Les Tunisiens se sentent arabo-musulmans, mais s’opposent à l’ingérence du religieux dans leur vie

voting-1.jpgEn attendant la tenue des premières élections véritablement libres de l’histoire de la Tunisie –en l’occurrence de l’Assemblée constituante-, c’est par petites touches successives que les Tunisiens découvrent leur profil politique et leurs intentions dans ce domaine. Les sondages menés depuis le 14 janvier 2011 y contribuent beaucoup –malgré leurs limites et imperfections. Le dernier en date, réalisé par Sigma Conseil, le cabinet d’études dirigé par Hassen Zargouni, verse des éléments importants au débat sur la politique, la religion et le rapport des Tunisiens à ces deux facteurs.

A faire la synthèse des réponses aux six ou sept questions ayant trait à ces thèmes, on réalise que les Tunisiens se sentent ancrés dans la culture arabo-musulmane mais s’opposent à l’interférence du facteur religieux dans leur vie de tous les jours, et en particulier dans le rapport à Dieu.

Certes, plus de 90% des Tunisiens soutiennent que «la Tunisie doit renforcer son appartenance au monde arabo-musulman» -ce qui reflète «un grand sentiment d’ancrage identitaire», note Sigma Conseil.
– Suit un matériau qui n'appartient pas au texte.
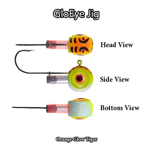 Glass Rattle: Remove the cap on the GloEye and insert the glass rattle into the jig. Replace the cap and you're ready to tip the jig with your favorite bait. Jig the GloEye and watch the sound of the rattle call ‘em home!

Mais cela n’empêche pas 70% des sondés de considérer que le gouvernement doit «légiférer en Tunisie en se référant à un droit civil» et pensent –en plus grand nombre (92,3%)- que «la Chariaa pourrait être appliquée sur certains sujets et rejettent un droit basé uniquement » sur la loi islamique. Seulement 8,7% des Tunisiens (notamment dans le Centre-ouest, avec 20,6%) sont favorables à l’application de la Chariaa. Près des deux tiers (69,5%) considèrent que «le gouvernement doit émettre des lois selon le souhait des gens dans certains sujets et selon la Chariaa sur d’autres».

Les Tunisiens sont encore plus clairs sur le rapport à la religion et plus nombreux à considérer que «les pratiques religieuses constituent une affaire personnelle et ne doivent en aucun cas être imposées». Minoritaire dans le Nord-ouest (19,05%) et de la frange populaire de la population (43,5%), ce point de vue est largement majoritaire (58,8%) au sein de la classe aisée.

De ce fait, il n’est guère étonnant que les deux tiers des Tunisiens s’opposent également à l’usage des mosquées comme tribunes électorales. Et là aussi le clivage est net entre classe aisée (60,8%) et populaire (37,7%). D’ailleurs, la majorité des Tunisiens –près de la moitié des femmes (52,4%) et près de 5% ne savent pas ou refusent de répondre, seulement 26,4% déclarent aller une fois par semaine ou plus à la mosquée.

Et quand on les invite à mentionner par ordre d’importance les priorités que le gouvernement devrait se fixer dans son action, les Tunisiens citent en premier les domaines économique (bien gérer l’économie), social (fournir plus de soins gratuits, de pensions et aides financières aux personnes modestes), et en matière de gouvernance (réduire la corruption dans le gouvernement et protéger les droits des citoyens contre la police ou les autres autorités gouvernementales), devant les questions religieuses (enseignement des valeurs de la Chariaa dans les écoles, protection des droits des chrétiens, égalité entre la femme et l’homme, etc.).